* _WHAT IS NEEDED_: In the listing below, find the line holding "Selling a tall" and the line holding "Grå tryck mönster". Write out those two lines and all lines between, exactly, and nothing more.

* _EXTRACTED DATA_:
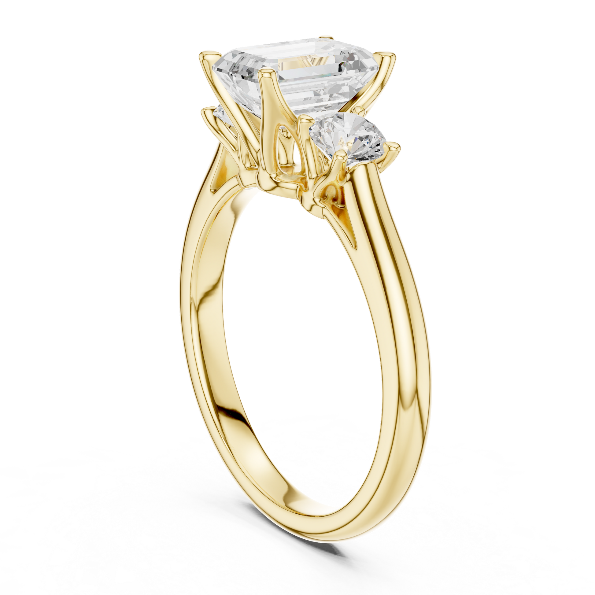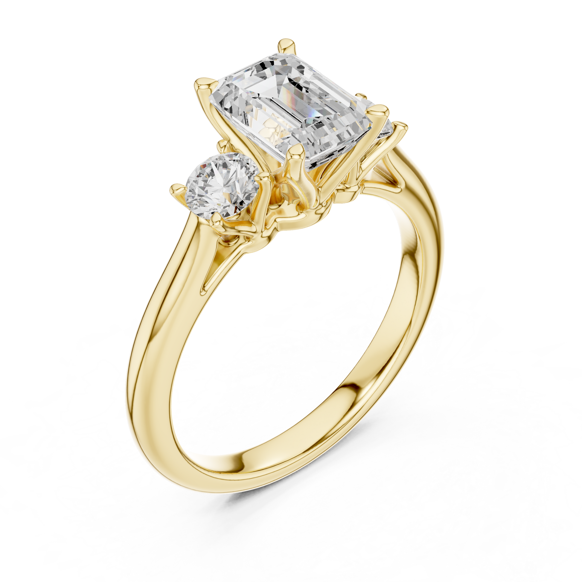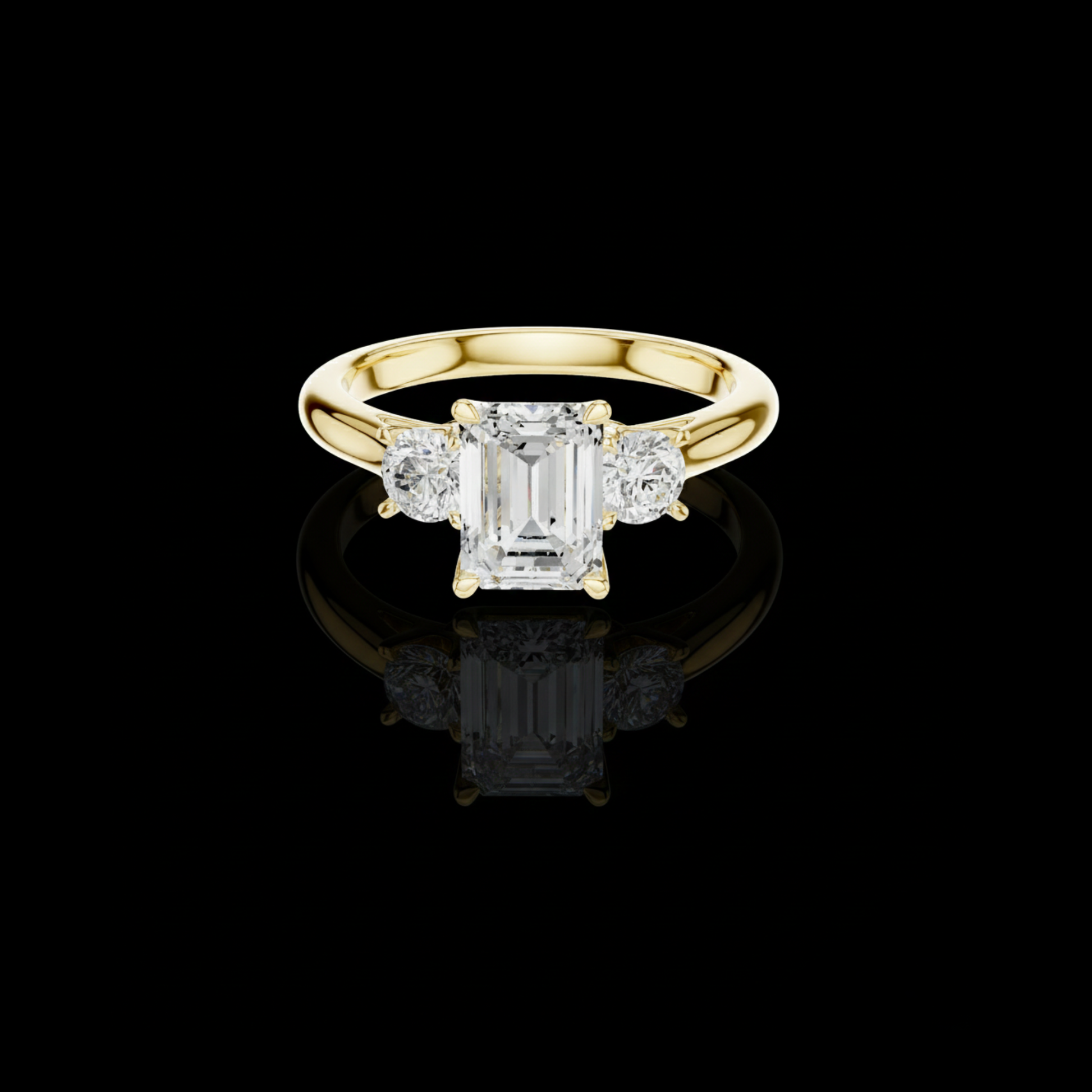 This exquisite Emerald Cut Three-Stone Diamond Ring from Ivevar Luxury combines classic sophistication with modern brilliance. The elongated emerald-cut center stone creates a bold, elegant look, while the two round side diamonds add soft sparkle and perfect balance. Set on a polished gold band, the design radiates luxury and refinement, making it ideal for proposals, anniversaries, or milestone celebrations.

==

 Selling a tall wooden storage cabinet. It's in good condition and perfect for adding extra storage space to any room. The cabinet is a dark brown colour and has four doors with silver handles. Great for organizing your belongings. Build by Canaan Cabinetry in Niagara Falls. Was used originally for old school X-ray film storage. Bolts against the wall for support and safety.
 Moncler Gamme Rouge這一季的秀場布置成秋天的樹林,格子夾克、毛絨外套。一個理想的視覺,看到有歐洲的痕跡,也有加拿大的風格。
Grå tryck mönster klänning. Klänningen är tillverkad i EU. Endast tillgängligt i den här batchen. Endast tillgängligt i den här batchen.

* _ANSWER TO THIS EXERCISE_:
 Selling a tall wooden storage cabinet. It's in good condition and perfect for adding extra storage space to any room. The cabinet is a dark brown colour and has four doors with silver handles. Great for organizing your belongings. Build by Canaan Cabinetry in Niagara Falls. Was used originally for old school X-ray film storage. Bolts against the wall for support and safety.
 Moncler Gamme Rouge這一季的秀場布置成秋天的樹林,格子夾克、毛絨外套。一個理想的視覺,看到有歐洲的痕跡,也有加拿大的風格。
Grå tryck mönster klänning. Klänningen är tillverkad i EU. Endast tillgängligt i den här batchen. Endast tillgängligt i den här batchen.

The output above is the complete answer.